**About this task**
The line containing "Come celebrate the" marks the start; extract exactly from it through the last line of the entries, and omit any pictures.

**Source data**
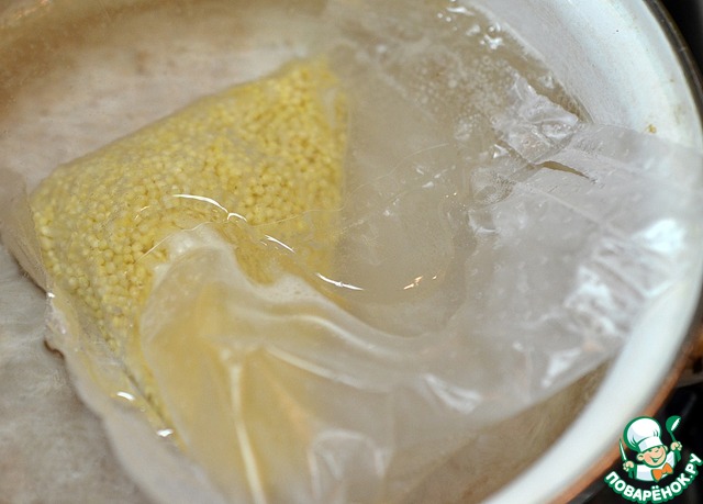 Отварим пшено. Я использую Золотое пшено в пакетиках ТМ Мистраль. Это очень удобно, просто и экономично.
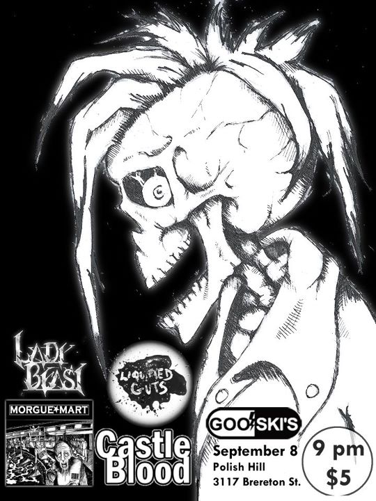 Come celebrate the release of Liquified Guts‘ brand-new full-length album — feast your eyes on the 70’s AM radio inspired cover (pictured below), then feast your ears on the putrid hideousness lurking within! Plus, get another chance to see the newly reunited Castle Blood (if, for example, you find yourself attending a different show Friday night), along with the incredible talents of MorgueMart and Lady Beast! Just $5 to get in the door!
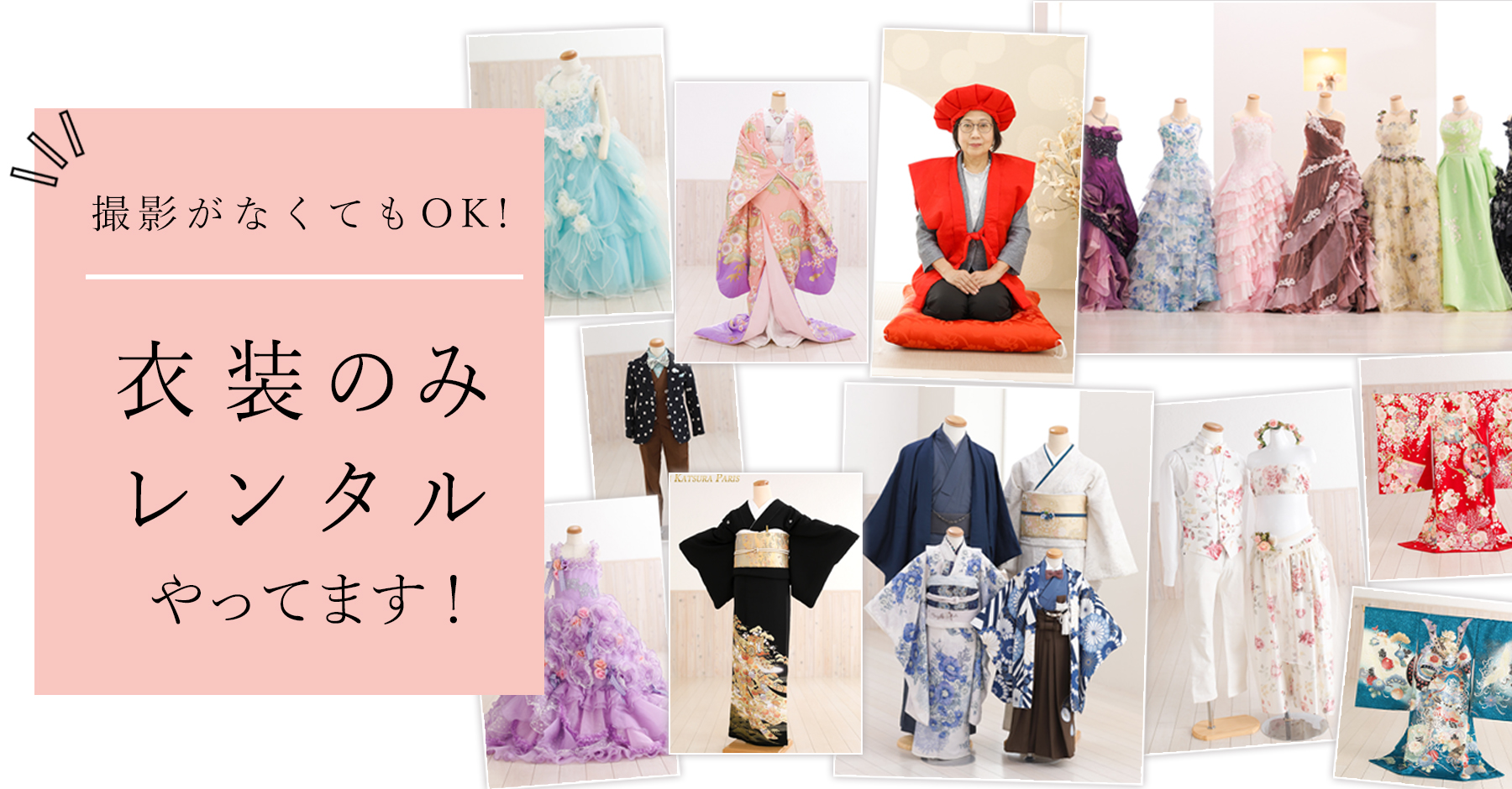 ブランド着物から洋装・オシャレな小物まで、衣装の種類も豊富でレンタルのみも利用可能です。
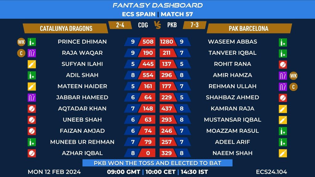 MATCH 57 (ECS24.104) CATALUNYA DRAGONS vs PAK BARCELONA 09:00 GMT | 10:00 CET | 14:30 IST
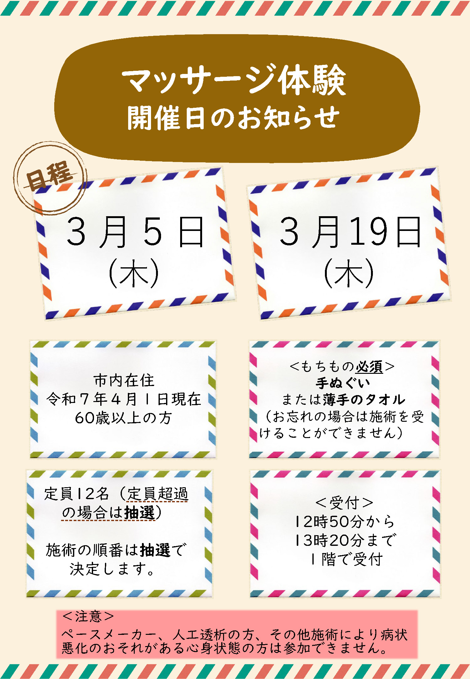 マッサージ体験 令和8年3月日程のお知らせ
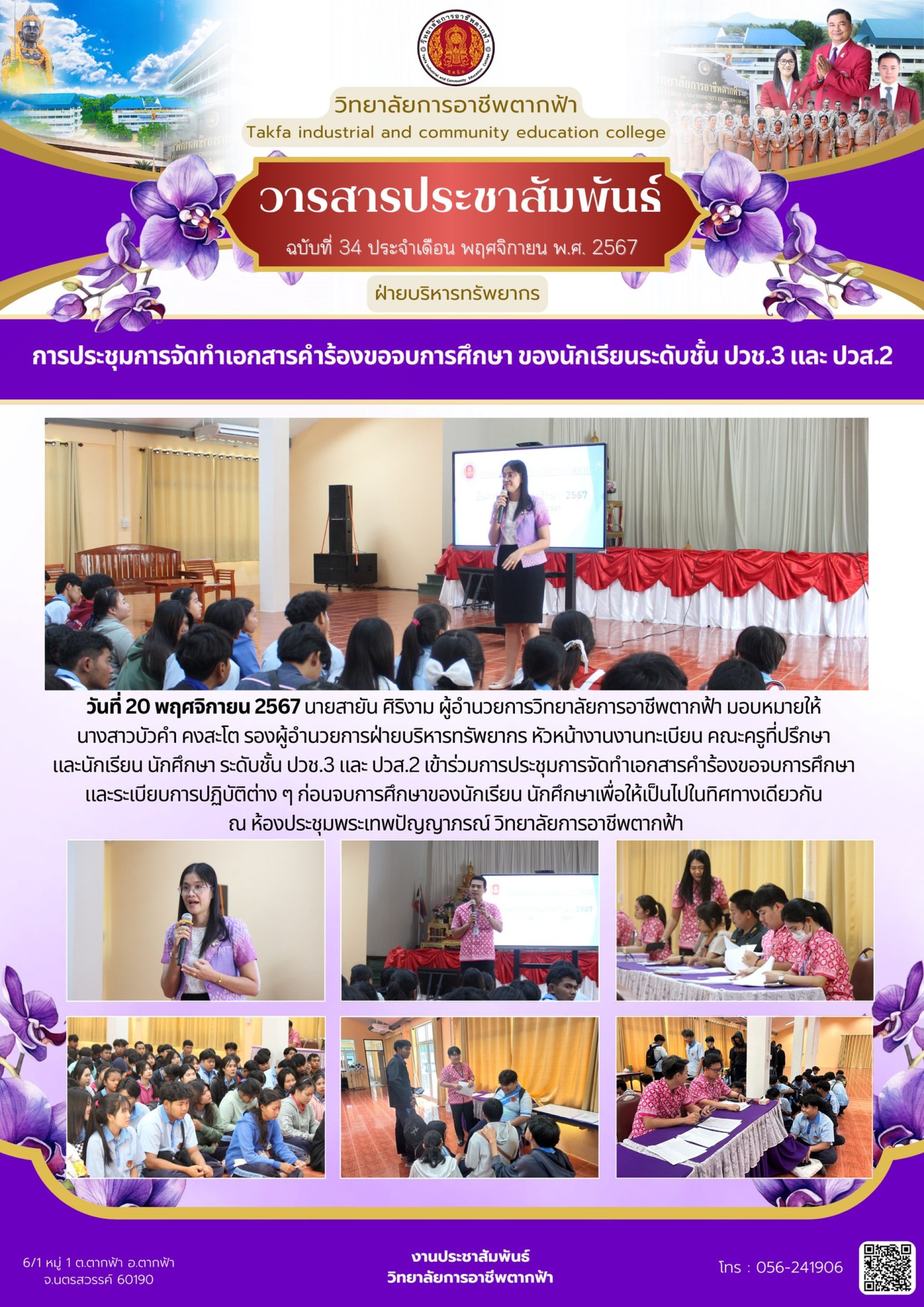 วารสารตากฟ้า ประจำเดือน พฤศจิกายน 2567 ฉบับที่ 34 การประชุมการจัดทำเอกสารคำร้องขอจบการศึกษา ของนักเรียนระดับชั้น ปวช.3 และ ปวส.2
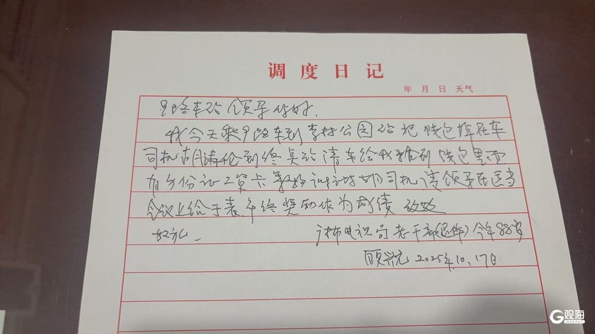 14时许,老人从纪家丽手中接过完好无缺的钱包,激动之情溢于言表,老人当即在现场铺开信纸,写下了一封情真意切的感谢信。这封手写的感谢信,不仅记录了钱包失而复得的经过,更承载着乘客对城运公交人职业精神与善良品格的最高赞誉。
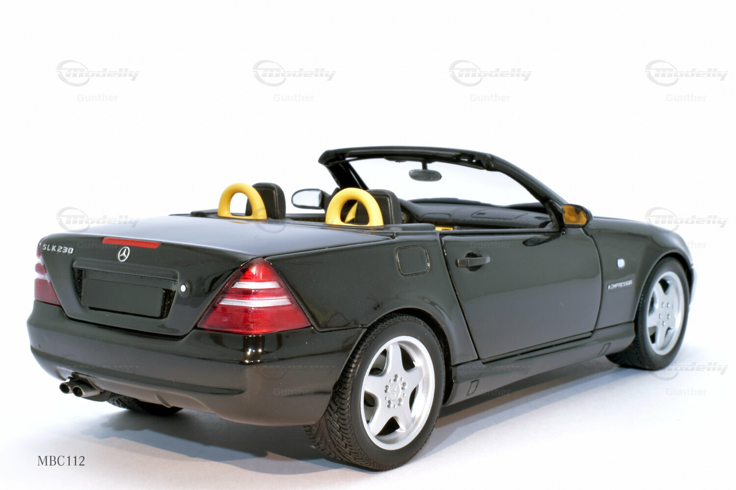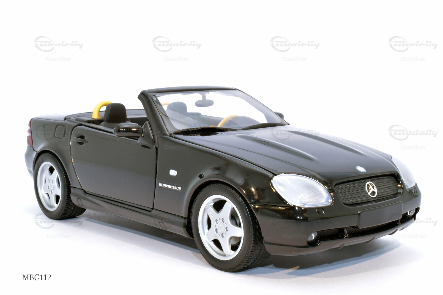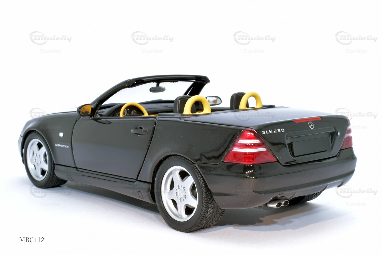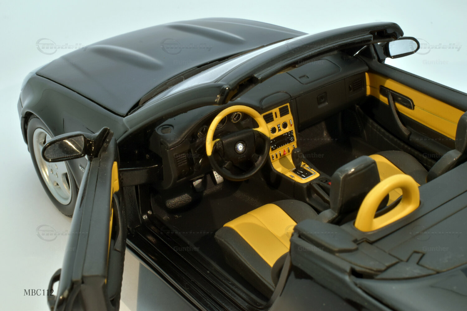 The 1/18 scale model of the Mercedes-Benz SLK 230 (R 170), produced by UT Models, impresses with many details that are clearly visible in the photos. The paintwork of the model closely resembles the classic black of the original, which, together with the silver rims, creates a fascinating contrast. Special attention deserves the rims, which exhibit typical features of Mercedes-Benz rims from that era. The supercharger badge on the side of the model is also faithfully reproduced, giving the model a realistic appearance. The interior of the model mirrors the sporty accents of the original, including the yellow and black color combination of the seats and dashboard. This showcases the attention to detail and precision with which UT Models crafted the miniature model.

**Answer for the task**
 Come celebrate the release of Liquified Guts‘ brand-new full-length album — feast your eyes on the 70’s AM radio inspired cover (pictured below), then feast your ears on the putrid hideousness lurking within! Plus, get another chance to see the newly reunited Castle Blood (if, for example, you find yourself attending a different show Friday night), along with the incredible talents of MorgueMart and Lady Beast! Just $5 to get in the door!
 ブランド着物から洋装・オシャレな小物まで、衣装の種類も豊富でレンタルのみも利用可能です。
 MATCH 57 (ECS24.104) CATALUNYA DRAGONS vs PAK BARCELONA 09:00 GMT | 10:00 CET | 14:30 IST
 マッサージ体験 令和8年3月日程のお知らせ
 วารสารตากฟ้า ประจำเดือน พฤศจิกายน 2567 ฉบับที่ 34 การประชุมการจัดทำเอกสารคำร้องขอจบการศึกษา ของนักเรียนระดับชั้น ปวช.3 และ ปวส.2
 14时许,老人从纪家丽手中接过完好无缺的钱包,激动之情溢于言表,老人当即在现场铺开信纸,写下了一封情真意切的感谢信。这封手写的感谢信,不仅记录了钱包失而复得的经过,更承载着乘客对城运公交人职业精神与善良品格的最高赞誉。
 The 1/18 scale model of the Mercedes-Benz SLK 230 (R 170), produced by UT Models, impresses with many details that are clearly visible in the photos. The paintwork of the model closely resembles the classic black of the original, which, together with the silver rims, creates a fascinating contrast. Special attention deserves the rims, which exhibit typical features of Mercedes-Benz rims from that era. The supercharger badge on the side of the model is also faithfully reproduced, giving the model a realistic appearance. The interior of the model mirrors the sporty accents of the original, including the yellow and black color combination of the seats and dashboard. This showcases the attention to detail and precision with which UT Models crafted the miniature model.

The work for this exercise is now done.